When training data are processed by a preprocessing function, physical equations must be transformed before incorporation into the PINN architecture. This section first establishes five prediction models for 220Rn concentration based on three network architectures. Then, the proposed equation adaptation method is introduced, with the equations being incorporated into the PINN model.

A. Physical Object

In this study, the exhaust pipe of the 220Rn chamber served as the research object, and the concentration distribution of the emitted radioactive gas was predicted. The device was cylindrical with a diameter of Φ = 10 cm and a length L of 40 cm [FIGURE:1]. Gas entered through the inlet and exited through the outlet, primarily comprising a mixture of 220Rn progeny and air. The inlet wind speed was used as the model boundary condition, with an adjustment range of 0–0.1 m/s [7]. The main decay products of 220Rn are 216Po, 212Pb, and 212Bi. Because 216Po has a short half-life of only 0.145 s, its migration and diffusion capabilities are minimal. In contrast, the latter two have more prolonged half-lives of 10.64 h and 50.55 min, respectively, making their migration and diffusion more impactful. Thus, 212Pb and 212Bi are the focus of research attention [7, 40].

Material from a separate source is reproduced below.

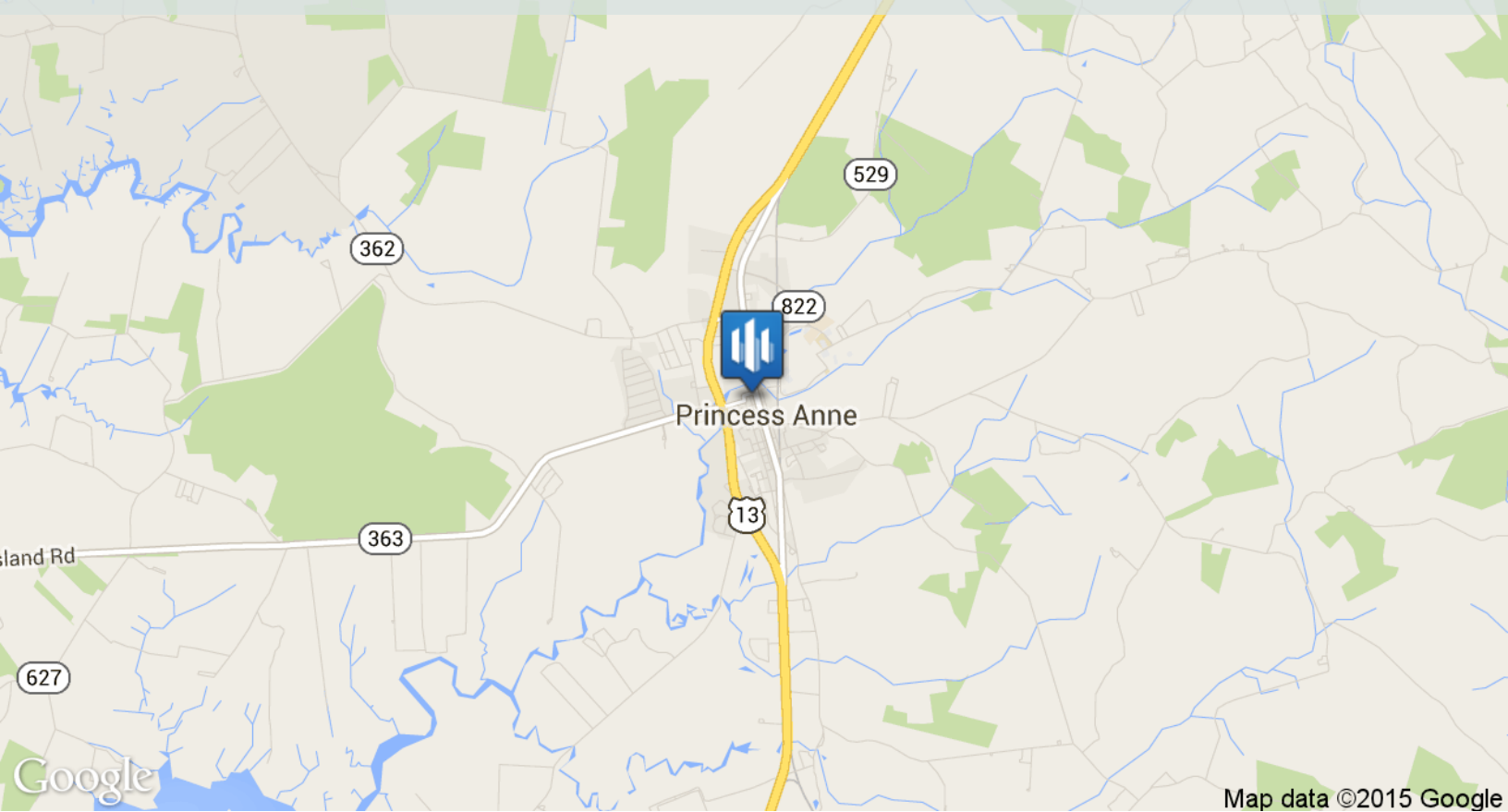
Map data ©2015 Google
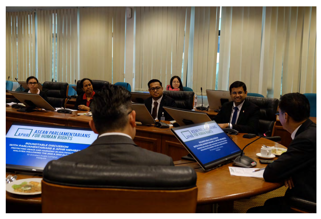
The Mission delegation during a roundtable discussion with parliamentarians in Malaysia's House of Representatives (Dewan Rakyat)

As 212Pb and 212Bi exhibit highly similar migration and diffusion patterns in this context, this study considered only the 212Pb concentration distribution.

B. Establishment of Neural Network

Computational fluid dynamics (CFD) was used to establish a numerical simulation of the physical object (i.e., the exhaust pipe) discussed in Section II A, thereby obtaining the database needed to train the neural network. This database was used to train and validate subsequent neural network models. The physical equations were incorporated into the loss function to jointly constrain training of the neural network model. Finally, the data and physical-equation loss function were combined to train the neural network model. The model construction flowchart is shown in [FIGURE:2].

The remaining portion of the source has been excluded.